Il préside la section FNSEA du Grand Bassin parisien qui rassemble 12 départements céréaliers du nord de la France et est à l'initiative de la manifestation, avec le syndicat des planteurs de betteraves CGB, aussi affilié à la FNSEA. La Fédération nationale du syndicat agricole majoritaire leur a emboîté le pas en appelant "à se mobiliser à partir du 8 février à Paris et jusqu'au 20 février dans toute la France". Pour Damien Greffin, "à ce rythme-là l'agriculture va disparaître".
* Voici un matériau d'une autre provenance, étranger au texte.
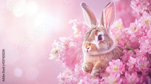 Cute bunny among pink blossoms for easter celebration and springtime joy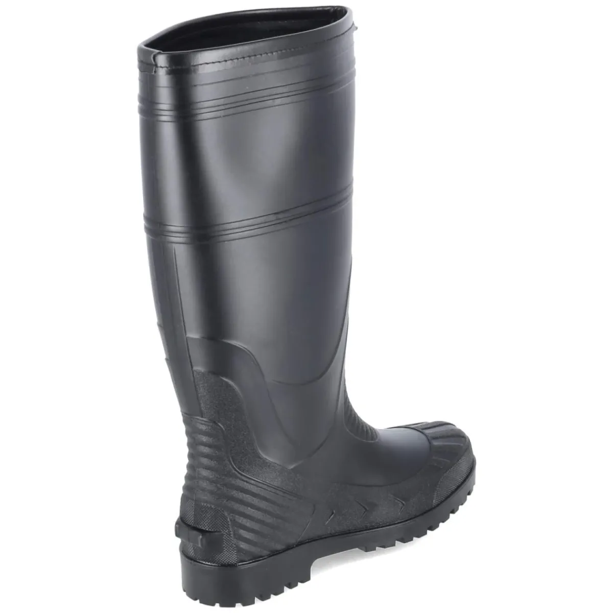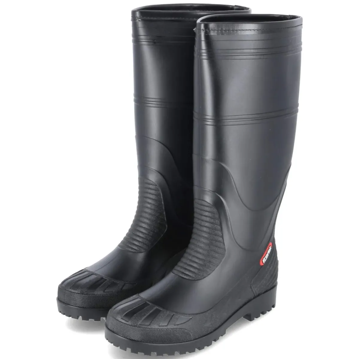 Der Herren-Gummistiefel von Kaerlek verbindet praktische Robustheit mit moderner Optik. Das wasserfeste Obermaterial aus Synthetik schützt zuverlässig vor Nässe, während die wasserabweisende Verarbeitung und der verstärkte Fersen- und Zehenbereich zusätzlichen Schutz bieten. Die runde Spitze und das gepolsterte, textile Wechselfußbett sorgen für angenehmen Tragekomfort, der Schaft misst ca. 35 cm in der Höhe und etwa 40 cm im Umfang. Dank Ausziehhilfe an der Ferse und Schlupfdesign gelingt das An- und Ausziehen unkompliziert. Die flexible Profilsohle bietet sicheren Grip auf rutschigem Untergrund – ideal in Stadt und Natur. Fällt normal aus und eignet sich für erwachsene Träger, die zuverlässige Begleiter bei Regen suchen. Modetipp: Mit dunkler Raw Denim, Wachsjacke und grob gestrickten Socken entsteht ein funktionaler, urbaner Look.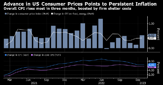 这些数据叠加1月就业报告远超预期和消费者保持韧性的迹象,凸显了经济和价格压力的持久性,尽管美联储进行了大力紧缩。该数据对官员们近期的主张构成支撑,他们近期表示,他们需要进一步加息并在一段时间内保持高利率,而且利率峰值可能会高于先前预期。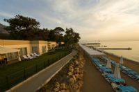 Галечный с песком пляж (700 м), 2 пирса, пляжный бар-ресторан, зонтики, шезлонги, матрасы.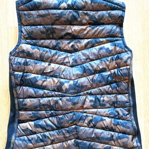 Fully reversible vest with dark camo on one side and solid black on other.zippered pockets on both sides. Nylon and polyester
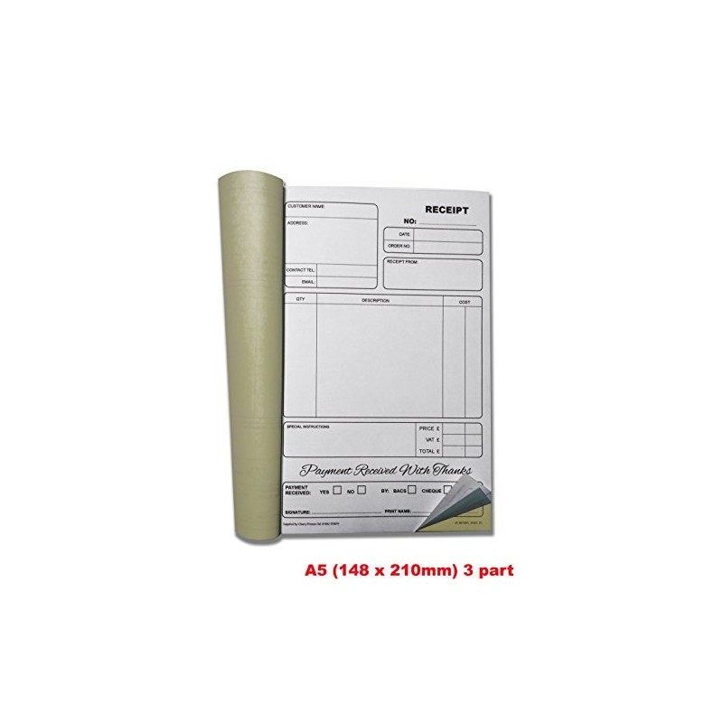 - Top & middle copy perforated for easy removal on left hand edge whilst bottom copy remains in the book. Stitched and bound with tape for a traditional finish.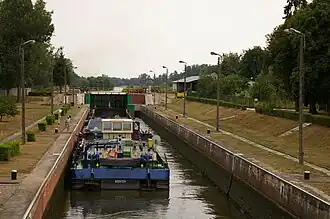 Among the now non-existent structures is a steel bridge that once existed at the lock; it was destroyed during wartime operations and not rebuilt, with a footbridge constructed in its place in 2004.[2][7]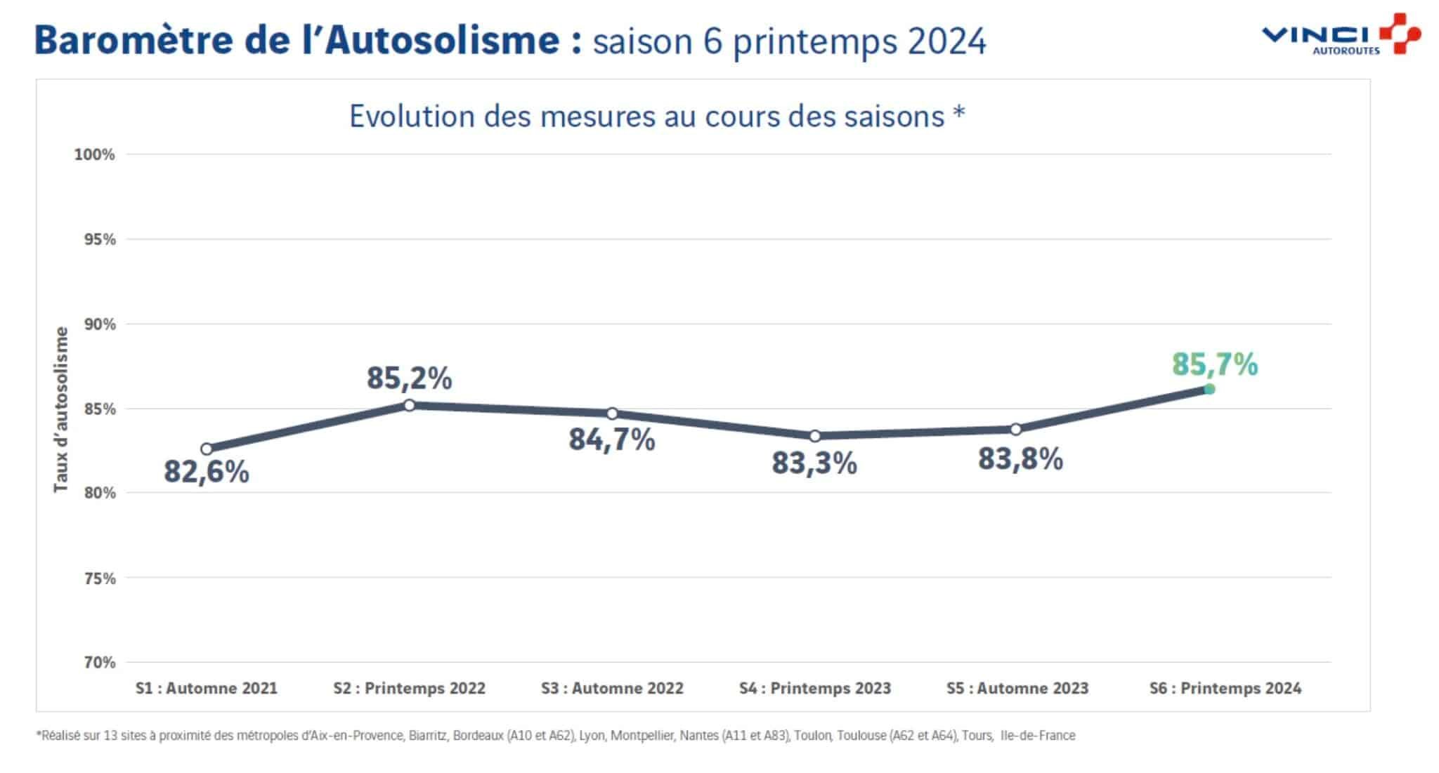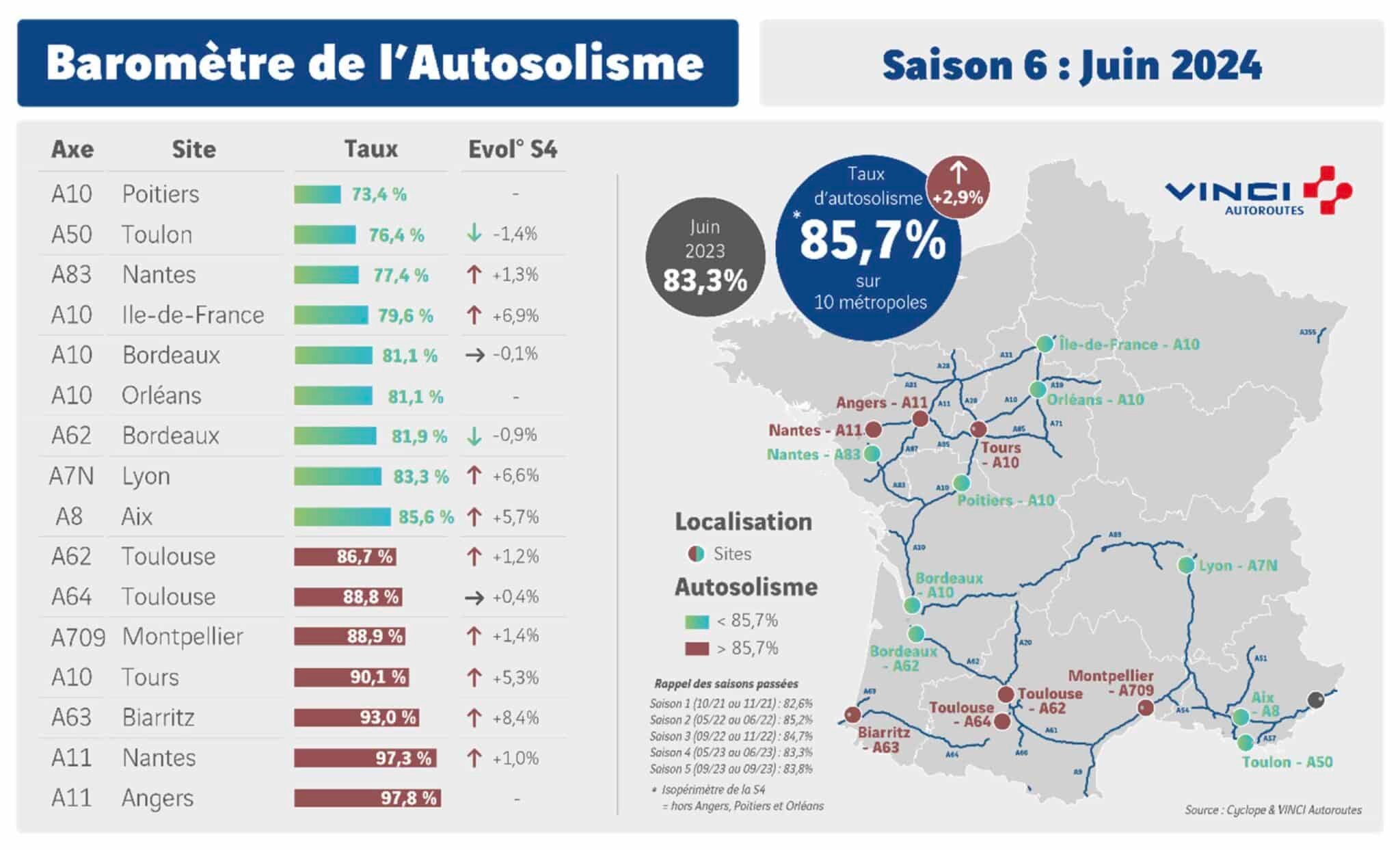 Cela représente une augmentation de 2,9 % par rapport au printemps 2023. Pour obtenir ces chiffres, les équipes de Vinci ont analysé 700 000 véhicules aux abords de 13 métropoles françaises entre le 3 et le 14 juin 2024. Les deux éditions précédentes du baromètre laissaient pourtant espérer « l’amorce d’un changement positif des comportements des Français dans leurs déplacements », souligne le rapport.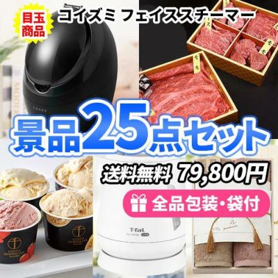 女性に人気のフェイススチーマーに国産牛食べ比べを含めた景品25点セット【一部商品引換券】【多点数】【送料無料】のレビューを書く

"Des impasses de solutions"
L'agriculteur de l'Essonne cite en exemples l'interdiction de l'insecticide phosmet qui "compromet" la culture de cerises, ou celle - prochaine - d'un désherbant pour les endives. Plus largement, selon la FNSEA, "les agriculteurs se retrouvent aujourd'hui en butte à des contraintes réglementaires de tous ordres qui freinent les projets innovants dans les territoires (irrigation, bâtiments d'élevages...)". "Ils sont aujourd'hui confrontés à des impasses de solutions face à des menaces sanitaires sur les cultures ou face à la prédation", reproche aussi l'organisation, en référence aux interdictions de pesticides et aux attaques du loup sur les troupeaux.
Pas d'union syndicale
Deuxième syndicat représentatif, la Coordination rurale a affirmé avoir proposé à la FNSEA Grand bassin parisien de se joindre à la manifestation et essuyé un refus. Quant à la Confédération paysanne, troisième syndicat qui se mobilisait mardi contre la réforme des retraites, elle a déploré dans un communiqué que "d'autres" manifestent "pour continuer à utiliser des néonicotinoïdes et refuser toute avancée écologique". "L'ambition de progrès social fait face ici aux positions les plus réactionnaires et conservatrices", a estimé l'organisation classée à gauche.
La dernière grosse mobilisation remonte au 27 novembre 2019, quand un millier de tracteurs avaient mené des opérations escargot sur le périphérique. Les manifestants dénonçaient, déjà, un durcissement des règles concernant l'épandage de pesticides de synthèse avec la création de zones de non-traitement (ZNT), des bandes de quelques mètres à proximité des habitations où il est interdit de recourir à ces substances.